※当初のタイトルは「PowerAppsでBingMapsを活用する時のお決まり計算をコンポーネントに」でしたが、本稿の内容は特定の地図サービスに依存しない計算なので「静止画地図を活用する時の」に変更しました。本文はそのままです。
#はじめに
PowerAppsからBingMapsを使う時、単に表示するだけならBingMapsコネクタやStatic MAPを呼び出して使えば良いのですが、地図上に表示したポイントをタッチで選択させたくなったり、地図上のポイントを動かして、移動後の緯度経度を計算で取得したくなったりすると、ピクセルと距離や度数の相互変換が必要になります。
これまではアプリを作る度にひな形からコピペを繰り返していたのですが、コンポーネントの機能が追加されたことから、基本的な計算をコンポーネントにしてしまおう、というのが今回の概要です。
なお、計算式については、以下のページで勉強させていただきました。ありがとうございます。
[link-1]:https://docs.microsoft.com/en-us/bingmaps/articles/understanding-scale-and-resolution
[link-2]:https://easyramble.com/latitude-and-longitude-per-kilometer.html
- [Microsoft Docs: Understanding Scale and Resolution][link-1]
- [EasyRamble: 距離1kmあたりの緯度・経度の度数を計算(日本・北緯35度)][link-2]
##コンポーネント特有の悩み
最初はコンポーネントにコピペするだけで済むかと思ったのですが、すぐに変数がうまく使えないことに気づきました。
まずコンテキスト変数は使えず、グローバル変数は使えますが、OnVisibleなどの属性が無いのでそもそもSet関数を書ける場所が殆どない。では出力項目の所に冗長覚悟で一気に式を書いてしまうのか?と思って試してみたりしたのですが、後から絶対理解できない仕上がりに。

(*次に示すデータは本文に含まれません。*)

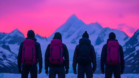 Four silhouetted figures with backpacks stand facing snow-capped mountains against a vibrant pink sky. The serene landscape evokes a sense of adventure and camaraderie in nature.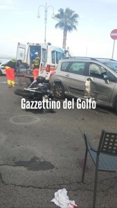Il centauro è caduto rovinosamente in terra riportando una probabile frattura ad un braccio e un trauma cranico. Il centauro è stato trasportato all’ospedale Dono Svizzero di Formia, le sue condizioni non sembrerebbero gravi. Sotto shock la donna che guidava la macchina.

悩んでいた時、計算結果確認のために表示していたラベルを見て思い出したのが、OTAさんのこちらの記事(idea.toString(); PowerApps の変数の使い方と使いどころ)でした。
「そうだ、ラベルを変数代わりに使おう。どうせ計算結果しか使わないコンポーネントだから、使うときは非表示になるし」
#まずは出来上がりから
コンポーネントの入力は、計算の基準となる緯度(Latitude)と、BingMapsのZoomLevelです。

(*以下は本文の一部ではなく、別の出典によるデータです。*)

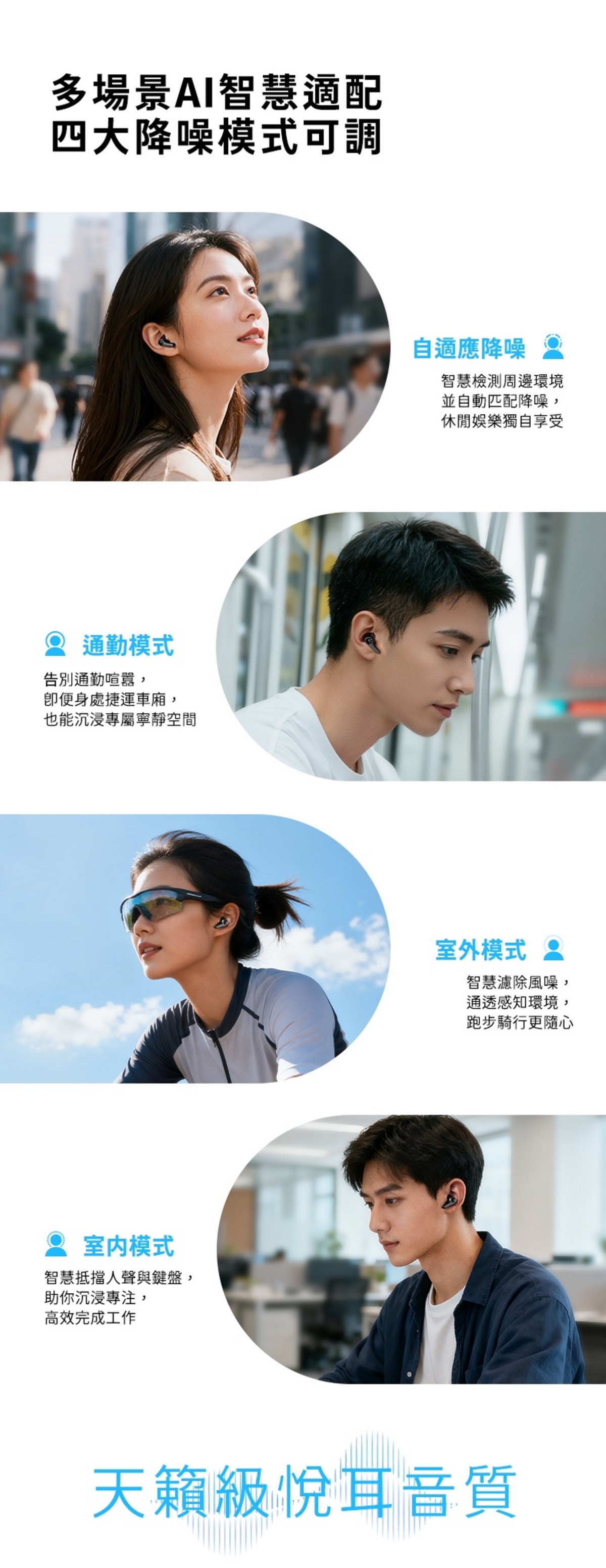降噪模式:自適應模式、通勤模式、室外模式、室內模式

対して出力は、1ピクセルあたりの距離(MeterPerPixel)、1000ピクセルあたりの緯度(LatitudePer1000Pixels)と経度(LongitudePer1000Pixels)の3つです。
カスタムプロパティにも、この5つを設定します。
##新しいコンポーネント
では新しいコンポーネントを作りましょう。
現時点ではコンポーネントを作るには、新規アプリを開いた後で「ファイル」-「アプリの設定」-「詳細設定」-「コンポーネント」をオンにする必要があります。
設定したら、ツリービューに「コンポーネント」というタブが現れるので、そこから「+新しいコンポーネント」を選びます。
##入力項目の設定
次に右側メニューの「+新しいカスタムプロパティ」を選び、以下のように入力します。ZoomLevelについても同様に作成してください。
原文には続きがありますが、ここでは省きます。